TRY IT ▸ Omit every picture while you reproduce the entries that follow word for word.

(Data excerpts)
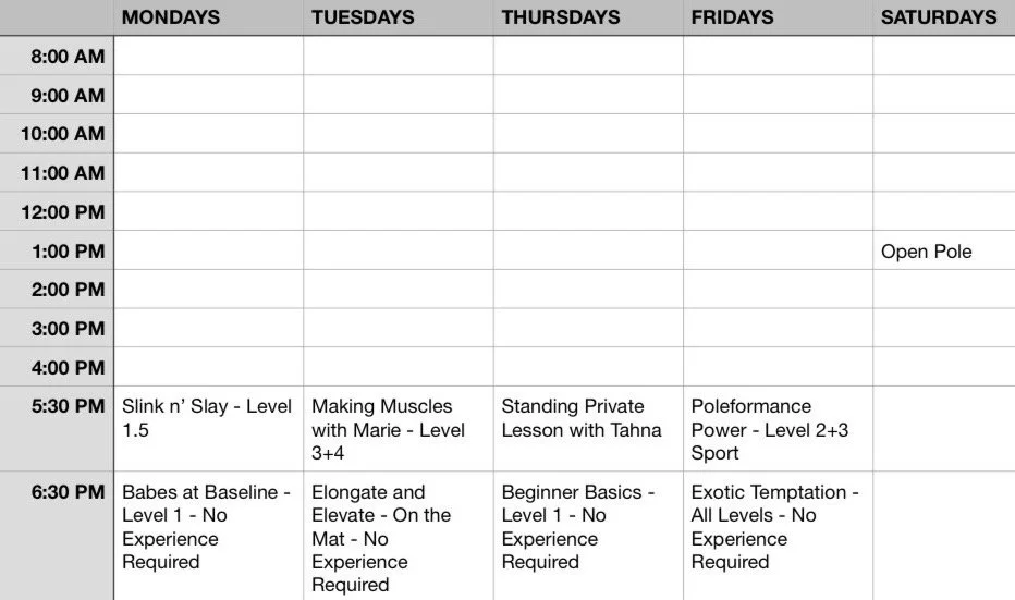 For pole classes, please skip lotions on the day of class and wear a tank top and shorts or swimsuit. More exposed skin=better grip on the pole. Also, please remove jewelry.
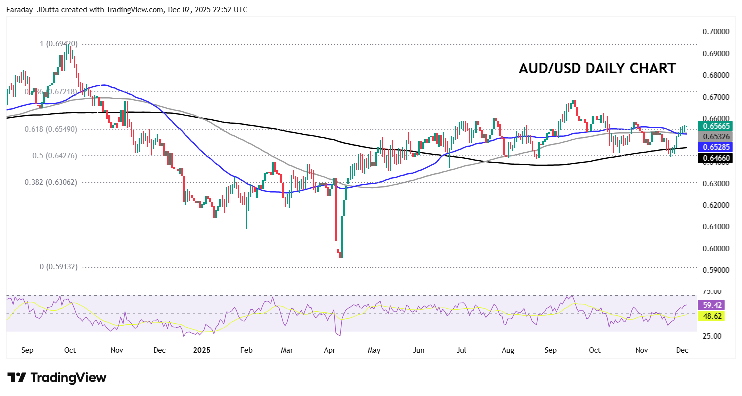 The RBA is not near cutting rates again after recent hotter than expected price pressures.  That’s according to CBA and NAB who expect the RBA to be on hold for an extended period of time/foreseeable future. But Westpac continues to expect two 2026 cuts, touting May and August. The bulls have helped the aussie surge seven days in the last eight and above the 50-day and 100-day SMAs. The major has actually been rangebound for some months between the lows 0.64s (the midpoint of the September 2024 to April 2025 move) and around 0.66. The 200-day SMA has acted as support, now at 0.6466. The shorter-term SMAs sit at 0.6528/32 with the September high just above 0.67. Play the ranges with bullish momentum ticking up.
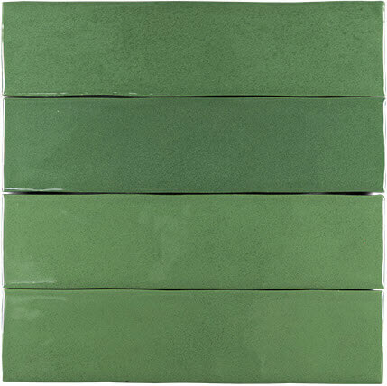 Verde Botella Mix , formaat 10×10 cm en 5×20 cm , geëmailleerde keramische zellige , wandtegel , kleur glasgroen , op rode scherf , ongelijke kanten , gesatineerd oppervlak , dikte 10 mm , mengeling van kleuren , aanbevolen voeg van 1 mm .
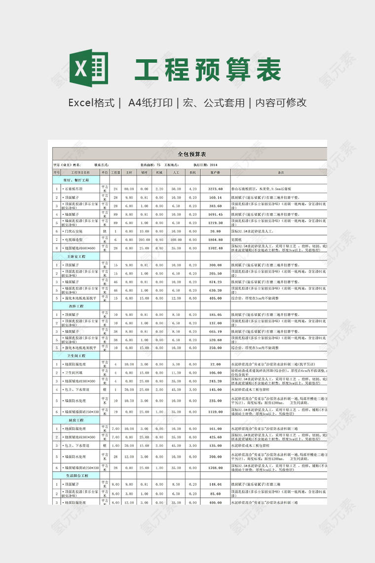 实用详细工程预算表模版
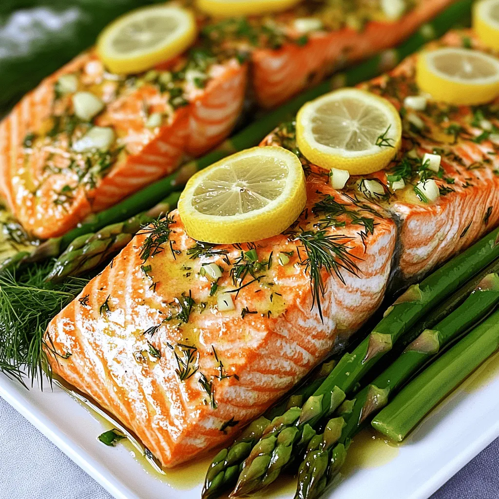 How you present your dish can make it shine. I suggest garnishing with extra lemon slices and a sprinkle of fresh herbs. This adds color and freshness. For serving, a clean white platter showcases the bright colors of the salmon and asparagus beautifully.
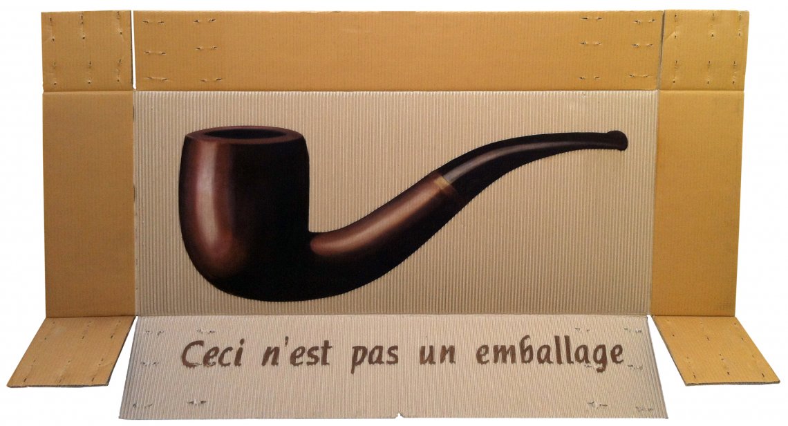 Quando nei primi anni duemila partecipai ad una mostra a Parigi e inviai la mia opera realizzata sulla superficie interna di un imballaggio, un po’ per scherzo ma anche per paura che strappassero il cartone, scrissi sulla superficie esterna “Ceci n'est pas un emballage”, infatti l’opera era un tutt’uno con l’imballaggio, o meglio l’imballaggio diventato opera d’arte. Nel mio lavoro infatti il cartone non è più supporto di un lavoro pittorico ma parte essenziale dell’opera stessa, sia concettualmente che fisicamente, e non ultimo con messaggio ambientalista rivolto al riuso dei materiali. Anni dopo, in una di quelle surfate sull’onda del gioco divertito che a volte è la creazione artistica, ho realizzato quest’opera dedicata a Magritte.
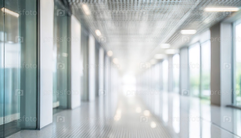 Размытый футуристический коридор больницы с гладкими стеклянными стенами и ярким освещением, вызывающим чистоту и высокие технологии
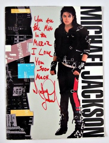The rare official program for Michael Jackson's World Tour 1988, in good condition with al the "cutouts", "popup", etc. On the front Michael Jackson has handwritten in red ink: "You are the man in the mirror - I love you sooo much" (signed) Michael Jackson. The program was signed to one of Michael's special fans turing the tours European leg. Program is 10"x13.5". Program shows some signs of "crease wear".
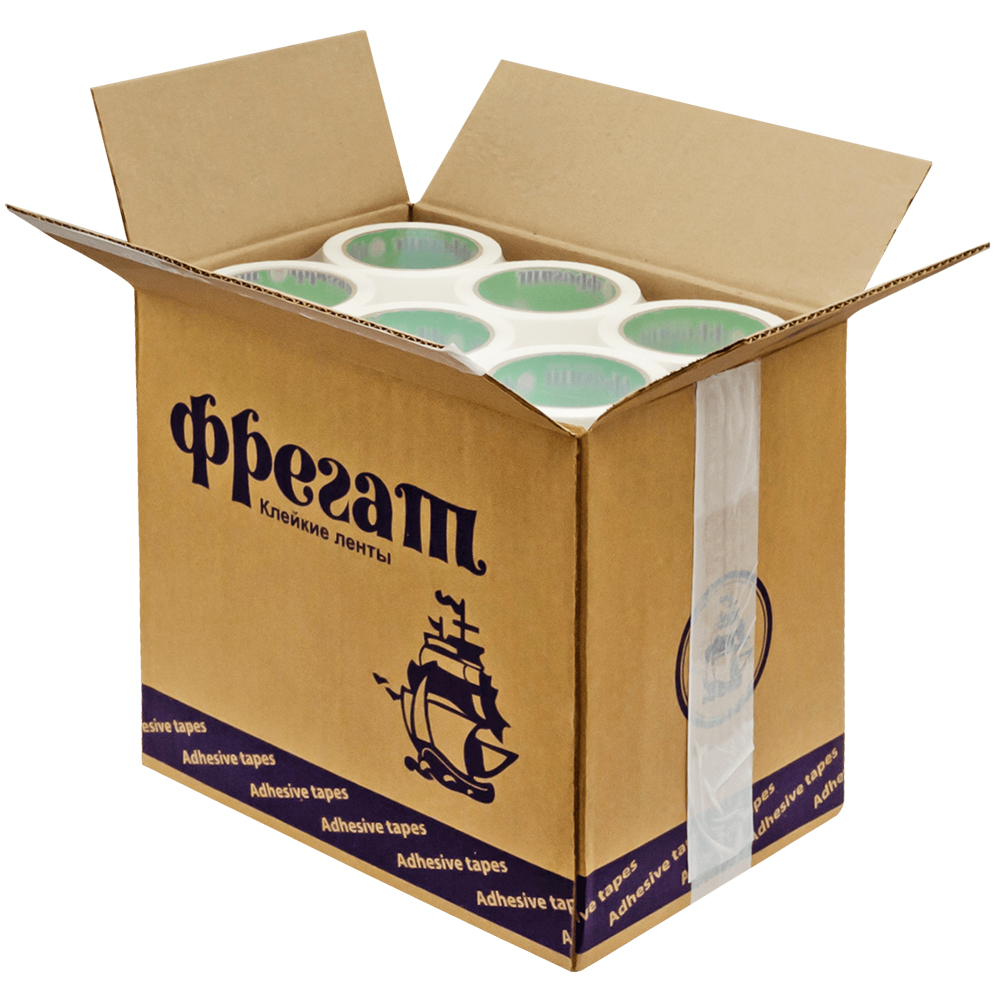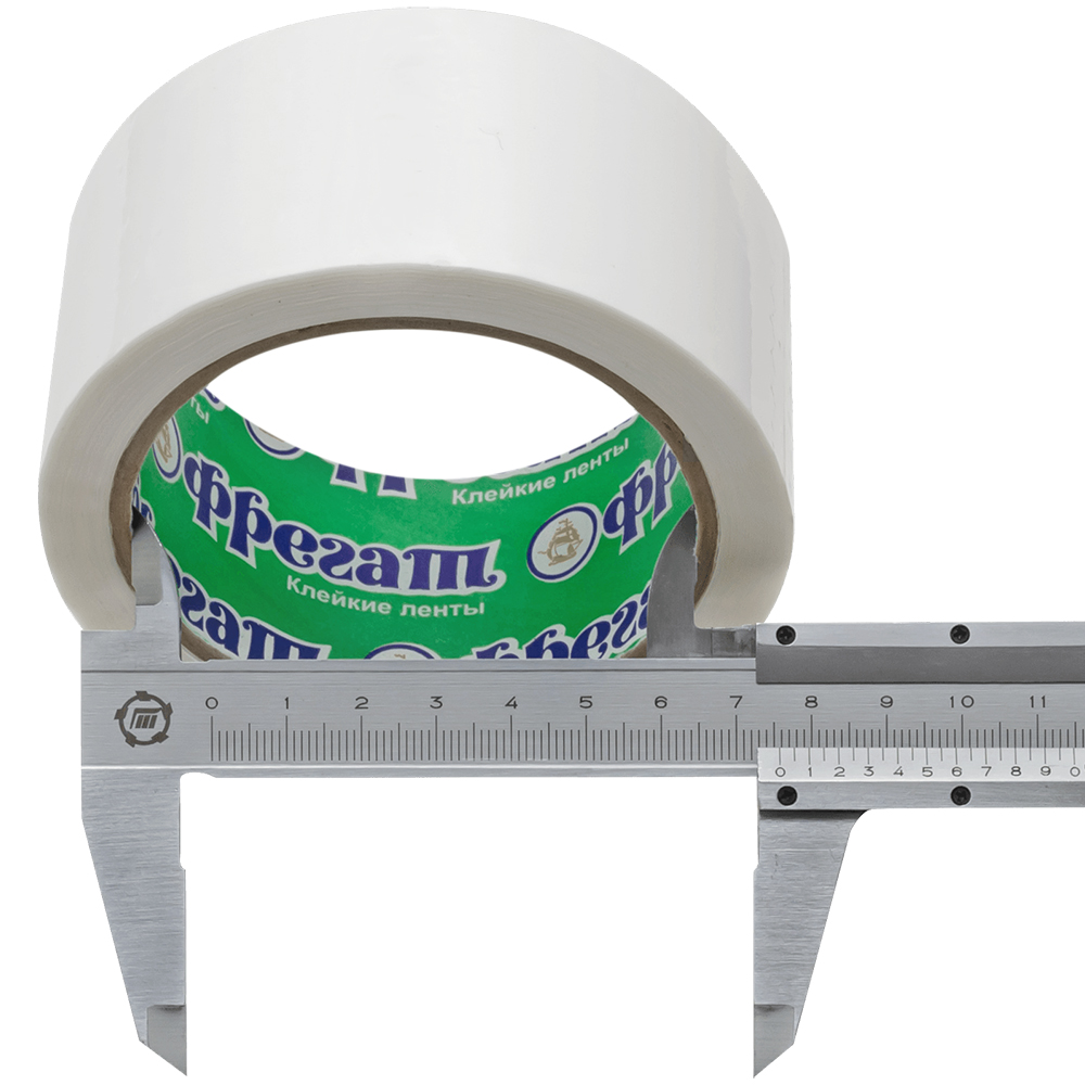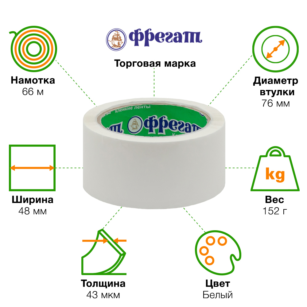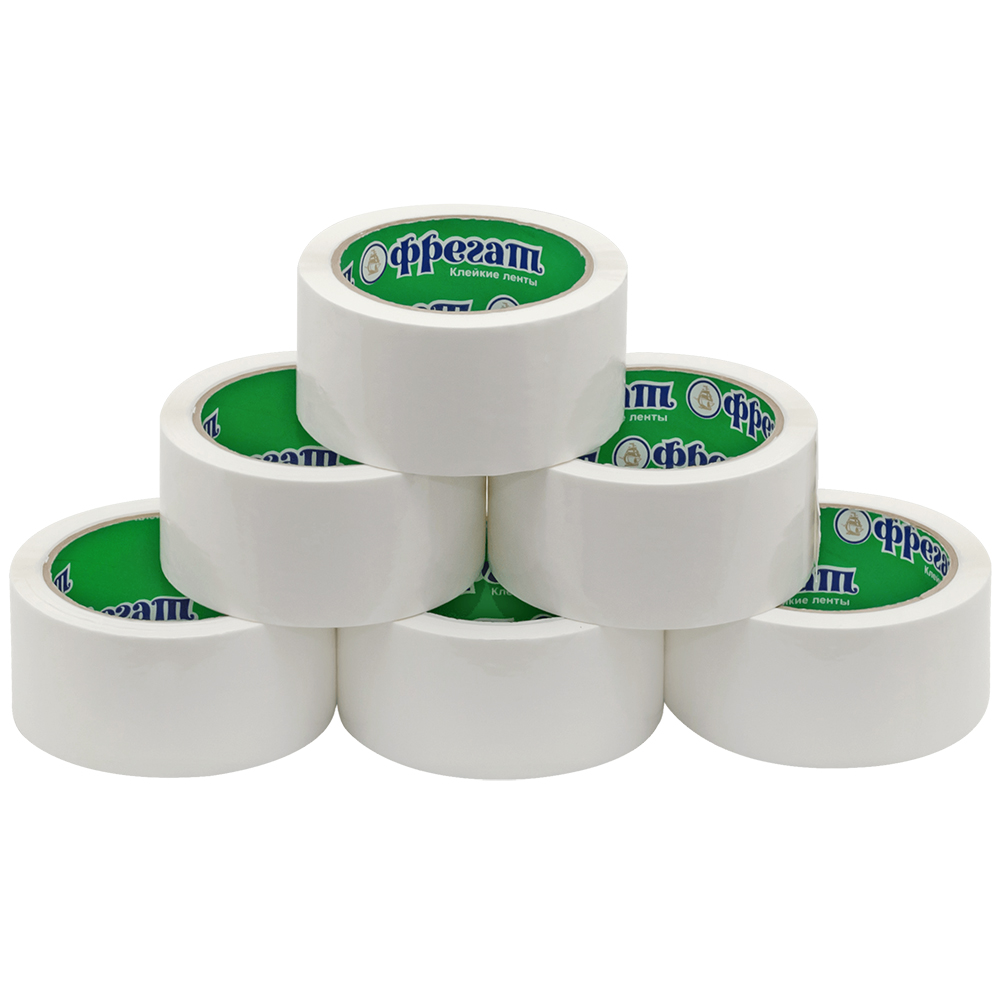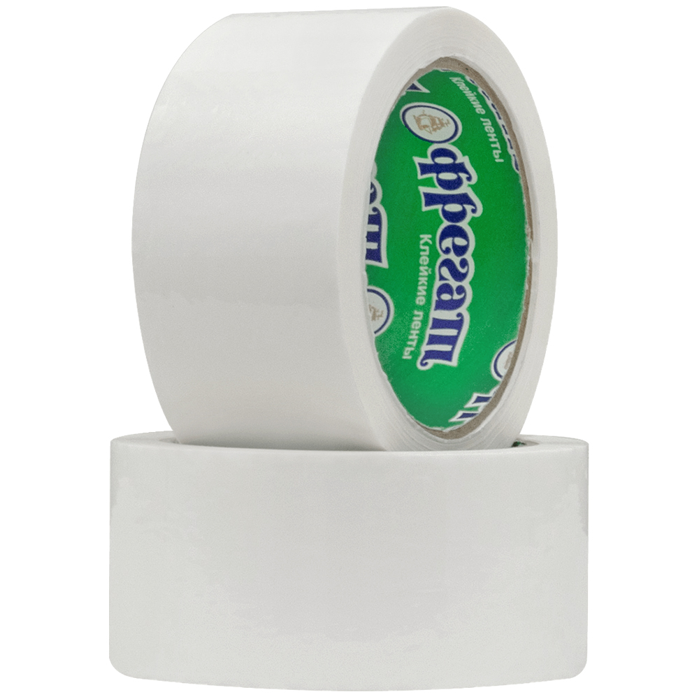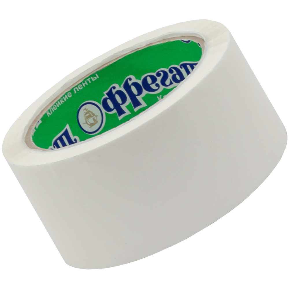 Белая клейкая лента Фрегат шириной 48 мм, диаметром втулки 76 мм, намоткой 66 метров. Изготовлена на основе полипропилена.

SOLUTION TO THIS PROBLEM ▸
 For pole classes, please skip lotions on the day of class and wear a tank top and shorts or swimsuit. More exposed skin=better grip on the pole. Also, please remove jewelry.
 The RBA is not near cutting rates again after recent hotter than expected price pressures.  That’s according to CBA and NAB who expect the RBA to be on hold for an extended period of time/foreseeable future. But Westpac continues to expect two 2026 cuts, touting May and August. The bulls have helped the aussie surge seven days in the last eight and above the 50-day and 100-day SMAs. The major has actually been rangebound for some months between the lows 0.64s (the midpoint of the September 2024 to April 2025 move) and around 0.66. The 200-day SMA has acted as support, now at 0.6466. The shorter-term SMAs sit at 0.6528/32 with the September high just above 0.67. Play the ranges with bullish momentum ticking up.
 Verde Botella Mix , formaat 10×10 cm en 5×20 cm , geëmailleerde keramische zellige , wandtegel , kleur glasgroen , op rode scherf , ongelijke kanten , gesatineerd oppervlak , dikte 10 mm , mengeling van kleuren , aanbevolen voeg van 1 mm .
 实用详细工程预算表模版
 How you present your dish can make it shine. I suggest garnishing with extra lemon slices and a sprinkle of fresh herbs. This adds color and freshness. For serving, a clean white platter showcases the bright colors of the salmon and asparagus beautifully.
 Quando nei primi anni duemila partecipai ad una mostra a Parigi e inviai la mia opera realizzata sulla superficie interna di un imballaggio, un po’ per scherzo ma anche per paura che strappassero il cartone, scrissi sulla superficie esterna “Ceci n'est pas un emballage”, infatti l’opera era un tutt’uno con l’imballaggio, o meglio l’imballaggio diventato opera d’arte. Nel mio lavoro infatti il cartone non è più supporto di un lavoro pittorico ma parte essenziale dell’opera stessa, sia concettualmente che fisicamente, e non ultimo con messaggio ambientalista rivolto al riuso dei materiali. Anni dopo, in una di quelle surfate sull’onda del gioco divertito che a volte è la creazione artistica, ho realizzato quest’opera dedicata a Magritte.
 Размытый футуристический коридор больницы с гладкими стеклянными стенами и ярким освещением, вызывающим чистоту и высокие технологии
The rare official program for Michael Jackson's World Tour 1988, in good condition with al the "cutouts", "popup", etc. On the front Michael Jackson has handwritten in red ink: "You are the man in the mirror - I love you sooo much" (signed) Michael Jackson. The program was signed to one of Michael's special fans turing the tours European leg. Program is 10"x13.5". Program shows some signs of "crease wear".
 Белая клейкая лента Фрегат шириной 48 мм, диаметром втулки 76 мм, намоткой 66 метров. Изготовлена на основе полипропилена.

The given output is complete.